§ **Problem**
Would you please output, word for word, the span of the listing below that opens on the line containing "はるさめは、めんのような形を" and closes on the line containing "三场作者签售活动则进一步拉近"? Include both ends and nothing more.

§ **Working data**
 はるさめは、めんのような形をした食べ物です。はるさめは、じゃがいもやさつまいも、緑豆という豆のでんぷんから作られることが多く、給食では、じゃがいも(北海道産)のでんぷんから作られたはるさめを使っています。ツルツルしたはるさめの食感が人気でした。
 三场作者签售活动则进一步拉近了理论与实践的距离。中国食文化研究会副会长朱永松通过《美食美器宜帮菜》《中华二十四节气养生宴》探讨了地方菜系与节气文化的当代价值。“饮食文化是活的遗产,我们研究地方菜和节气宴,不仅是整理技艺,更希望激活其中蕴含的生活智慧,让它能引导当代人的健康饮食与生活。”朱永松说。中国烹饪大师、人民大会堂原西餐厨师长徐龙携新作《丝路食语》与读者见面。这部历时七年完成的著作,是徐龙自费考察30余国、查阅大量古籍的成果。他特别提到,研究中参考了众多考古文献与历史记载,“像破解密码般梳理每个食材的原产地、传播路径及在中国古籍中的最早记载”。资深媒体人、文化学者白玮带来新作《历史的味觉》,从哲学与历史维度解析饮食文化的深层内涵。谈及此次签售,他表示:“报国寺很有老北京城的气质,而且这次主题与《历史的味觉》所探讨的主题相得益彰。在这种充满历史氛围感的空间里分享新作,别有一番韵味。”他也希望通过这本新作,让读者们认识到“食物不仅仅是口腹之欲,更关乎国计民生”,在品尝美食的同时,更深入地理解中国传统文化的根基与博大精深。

* * *

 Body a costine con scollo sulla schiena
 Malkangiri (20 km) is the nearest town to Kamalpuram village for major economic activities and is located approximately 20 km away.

§ **Task result**
 はるさめは、めんのような形をした食べ物です。はるさめは、じゃがいもやさつまいも、緑豆という豆のでんぷんから作られることが多く、給食では、じゃがいも(北海道産)のでんぷんから作られたはるさめを使っています。ツルツルしたはるさめの食感が人気でした。
 三场作者签售活动则进一步拉近了理论与实践的距离。中国食文化研究会副会长朱永松通过《美食美器宜帮菜》《中华二十四节气养生宴》探讨了地方菜系与节气文化的当代价值。“饮食文化是活的遗产,我们研究地方菜和节气宴,不仅是整理技艺,更希望激活其中蕴含的生活智慧,让它能引导当代人的健康饮食与生活。”朱永松说。中国烹饪大师、人民大会堂原西餐厨师长徐龙携新作《丝路食语》与读者见面。这部历时七年完成的著作,是徐龙自费考察30余国、查阅大量古籍的成果。他特别提到,研究中参考了众多考古文献与历史记载,“像破解密码般梳理每个食材的原产地、传播路径及在中国古籍中的最早记载”。资深媒体人、文化学者白玮带来新作《历史的味觉》,从哲学与历史维度解析饮食文化的深层内涵。谈及此次签售,他表示:“报国寺很有老北京城的气质,而且这次主题与《历史的味觉》所探讨的主题相得益彰。在这种充满历史氛围感的空间里分享新作,别有一番韵味。”他也希望通过这本新作,让读者们认识到“食物不仅仅是口腹之欲,更关乎国计民生”,在品尝美食的同时,更深入地理解中国传统文化的根基与博大精深。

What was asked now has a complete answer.